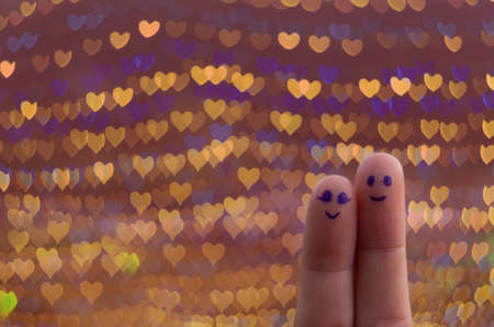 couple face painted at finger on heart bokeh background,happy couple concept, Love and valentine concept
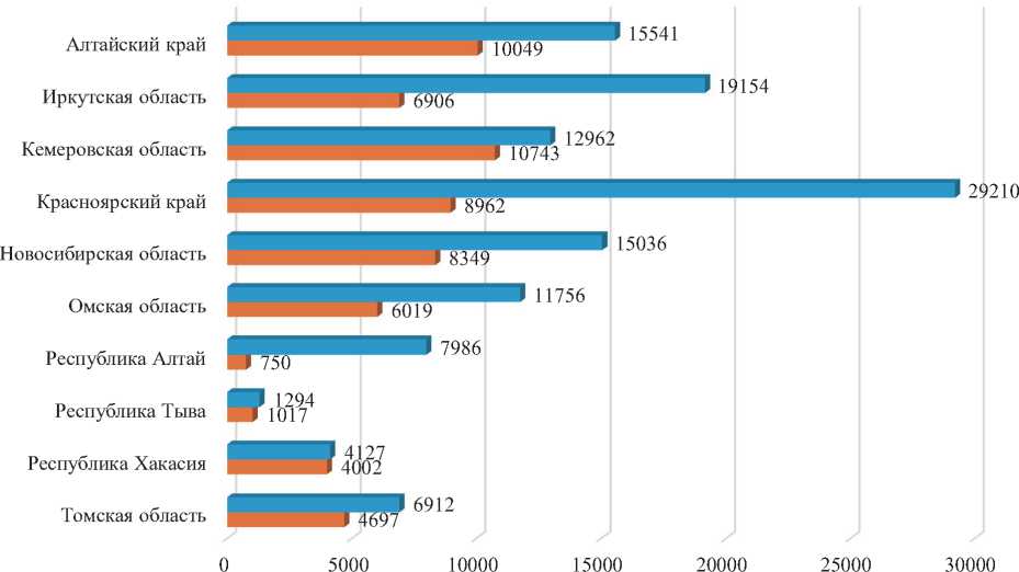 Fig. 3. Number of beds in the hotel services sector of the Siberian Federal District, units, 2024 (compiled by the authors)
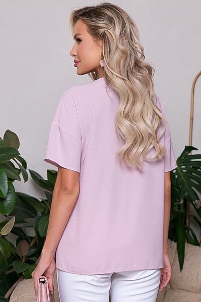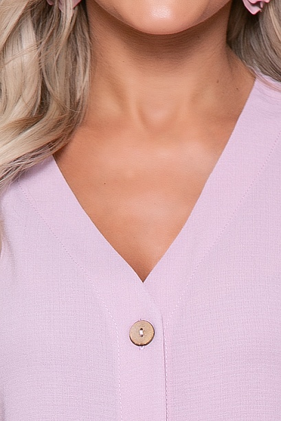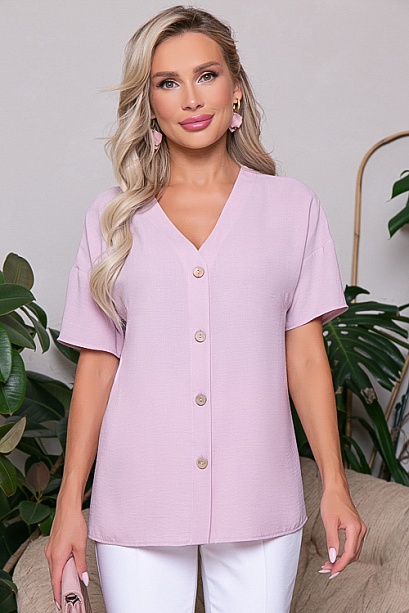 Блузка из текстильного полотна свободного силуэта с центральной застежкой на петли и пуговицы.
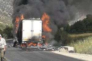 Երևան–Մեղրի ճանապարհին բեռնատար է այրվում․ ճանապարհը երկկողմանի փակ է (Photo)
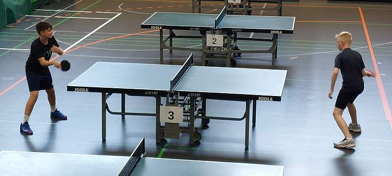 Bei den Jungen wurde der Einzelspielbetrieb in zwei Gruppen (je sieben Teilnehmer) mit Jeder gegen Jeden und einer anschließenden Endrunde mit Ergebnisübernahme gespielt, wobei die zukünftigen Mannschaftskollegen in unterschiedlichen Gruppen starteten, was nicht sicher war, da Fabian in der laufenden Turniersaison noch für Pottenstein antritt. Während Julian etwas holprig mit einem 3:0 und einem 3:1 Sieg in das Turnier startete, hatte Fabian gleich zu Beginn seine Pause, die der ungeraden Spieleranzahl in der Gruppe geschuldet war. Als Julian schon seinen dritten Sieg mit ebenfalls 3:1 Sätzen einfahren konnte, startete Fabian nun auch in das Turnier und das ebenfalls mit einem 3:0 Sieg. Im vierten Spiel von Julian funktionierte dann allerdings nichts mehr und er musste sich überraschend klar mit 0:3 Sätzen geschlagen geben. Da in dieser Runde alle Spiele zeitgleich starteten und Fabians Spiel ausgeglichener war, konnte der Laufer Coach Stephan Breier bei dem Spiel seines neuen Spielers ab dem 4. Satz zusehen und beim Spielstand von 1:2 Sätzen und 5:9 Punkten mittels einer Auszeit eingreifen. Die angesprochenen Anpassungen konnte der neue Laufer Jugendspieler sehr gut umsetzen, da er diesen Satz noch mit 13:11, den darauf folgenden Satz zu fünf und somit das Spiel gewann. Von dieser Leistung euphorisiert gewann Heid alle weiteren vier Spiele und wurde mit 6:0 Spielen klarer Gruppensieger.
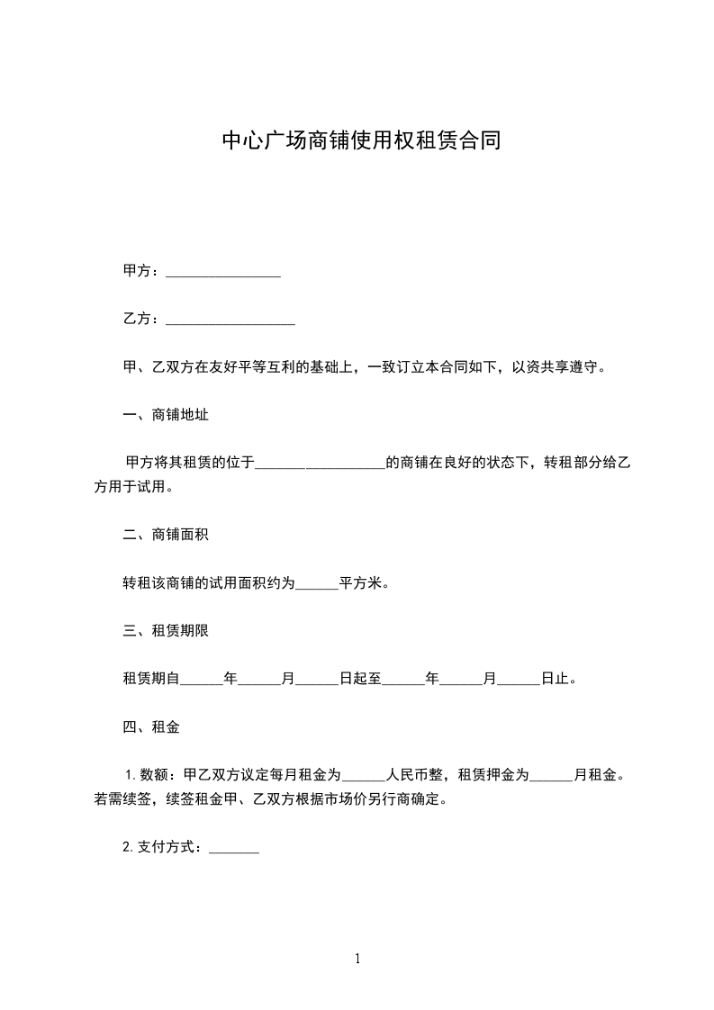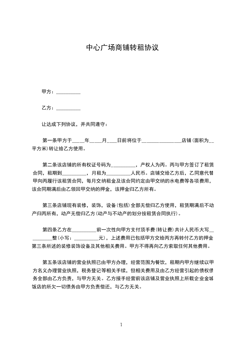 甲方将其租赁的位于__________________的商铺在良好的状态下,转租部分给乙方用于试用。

---+---

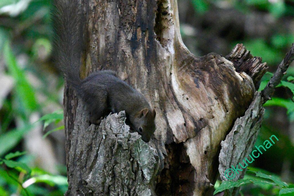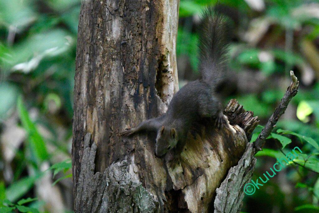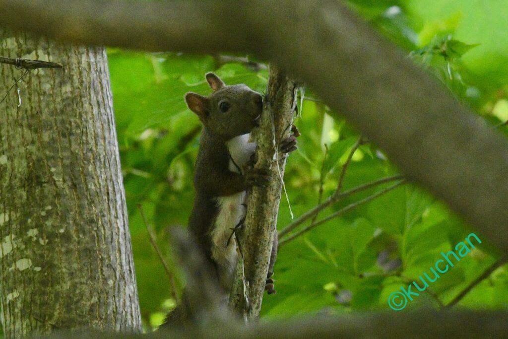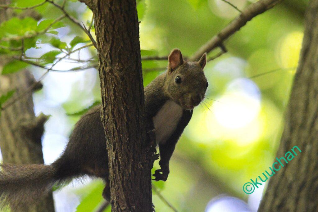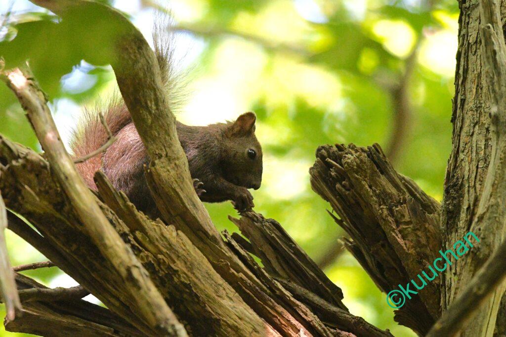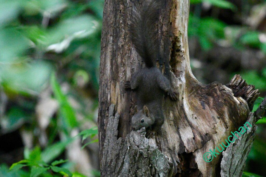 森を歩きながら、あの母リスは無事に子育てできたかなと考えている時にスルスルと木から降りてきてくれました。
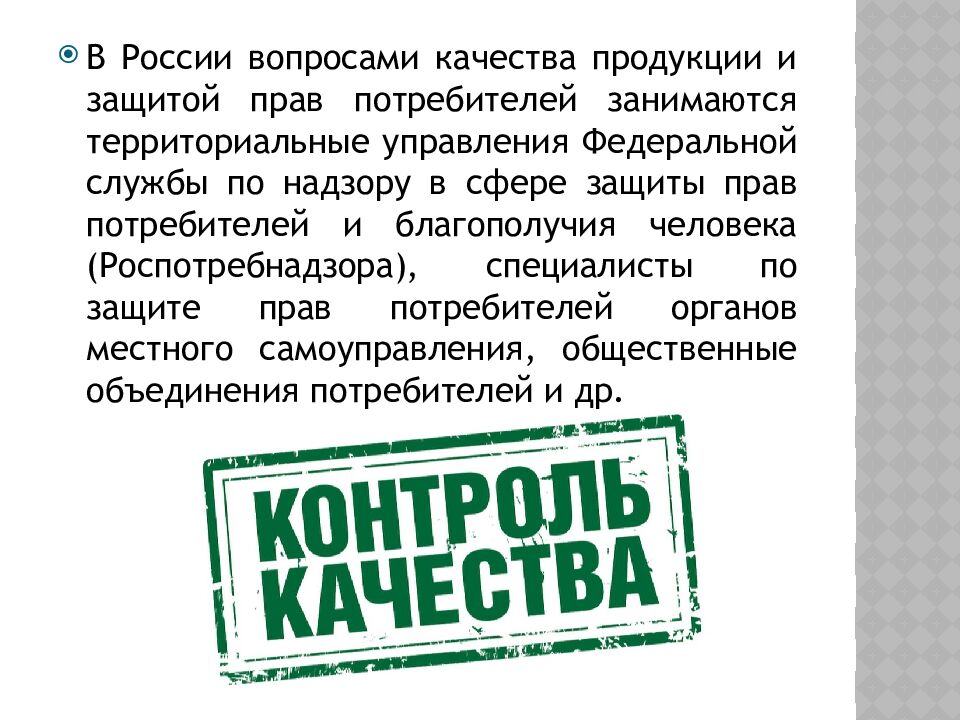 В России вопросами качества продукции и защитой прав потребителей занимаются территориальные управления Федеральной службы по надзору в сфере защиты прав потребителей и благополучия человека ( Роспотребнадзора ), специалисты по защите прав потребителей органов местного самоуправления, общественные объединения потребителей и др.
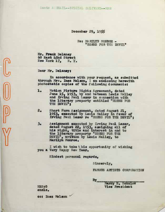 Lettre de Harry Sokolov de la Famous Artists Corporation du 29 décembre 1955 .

---+---

__Task directions__
Everything between and including the line above containing "森を歩きながら、あの母リスは" and the line containing "В России вопросами" should be reproduced exactly, with pictures excluded.

__Solution for this exercise__
 森を歩きながら、あの母リスは無事に子育てできたかなと考えている時にスルスルと木から降りてきてくれました。
 В России вопросами качества продукции и защитой прав потребителей занимаются территориальные управления Федеральной службы по надзору в сфере защиты прав потребителей и благополучия человека ( Роспотребнадзора ), специалисты по защите прав потребителей органов местного самоуправления, общественные объединения потребителей и др.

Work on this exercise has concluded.